Im September soll es endlich so weit sein: Fast acht Jahre nach Unterzeichnung des Dayton-Friedensvertrages, der den Bosnien-Krieg im Dezember 1995 formal beendete, wollen Mitarbeiter der Protektoratsbehörde des Hohen Repräsentanten, der Nato-Schutztruppe Sfor, der OSZE sowie bosnische Vertreter Pläne zur Zusammenlegung der bis heute getrennt operierenden Armeen der beiden als Entitäten bezeichneten Bundesländer vorlegen. Die vom US-Militärexperten James Locher geleitete Kommission soll so die wohl wichtigste Voraussetzung zur Anfang 2004 angestrebten Aufnahme Bosniens in die Nato-Partnerschaft für den Frieden (PfP) erfüllen.

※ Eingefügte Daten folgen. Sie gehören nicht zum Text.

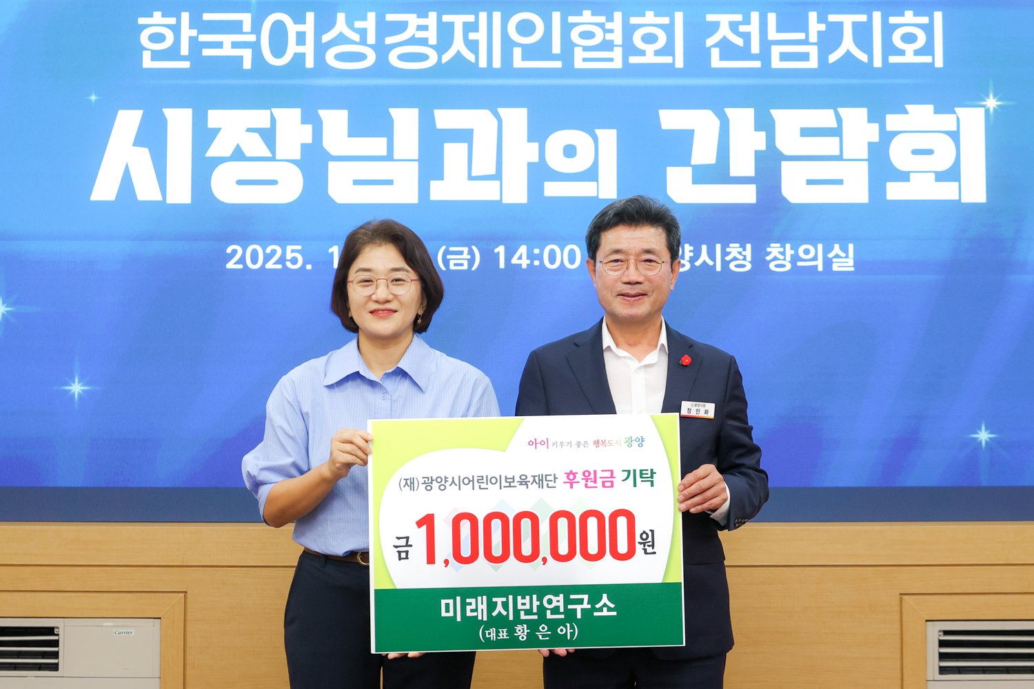 또한 광양 여성기업인 황은아 미래지반연구소 대표는 어린이보육재단에 후원금 100만원을 기탁했다.

Für das kleine Nachkriegsland bedeutet die Zerschlagung der ehemals verfeindeten Armeen von Republika Srpska und muslimisch-kroatischer Föderation fast schon eine Revolution. Denn ohne die Zustimmung der internationalen Dayton-Verhandlungsmächte zum Fortbestand der beiden Einheiten unter getrenntem Kommando wäre der Bosnien-Krieg nie beendet worden - und die Schaffung eines Einheitsstaates Illusion geblieben. Fragiles Friedensgerüst

Um das fragile Friedensgerüst nicht zum Einstürzen zu bringen, hatten es die drei Vorgänger des derzeitigen Hohen Repräsentanten Paddy Ashdowns stets abgelehnt, Eingriffe in das Dayton-Vertragswerk zu unternehmen. Doch damit scheint nun Schluss: Wenn die Vorschläge der Kommission wie geplant bis zum 1. Jänner 2004 vom Parlament in Sarajewo ratifiziert werden, würden die umfassenden Rechte der Entitäten zum ersten Mal eingeschränkt. Zwar sind die Proteste vor allem von serbischer und kroatischer Seite noch nicht verstummt.Doch die weit gehenden Befugnisse Ashdowns sowie die Drohung der USA, sämtliche Militärhilfen zu kürzen und ihre Soldaten aus der Nato-geführten Bosnien-Schutztruppe Sfor abzuziehen, machen ein Scheitern der Reform unwahrscheinlich.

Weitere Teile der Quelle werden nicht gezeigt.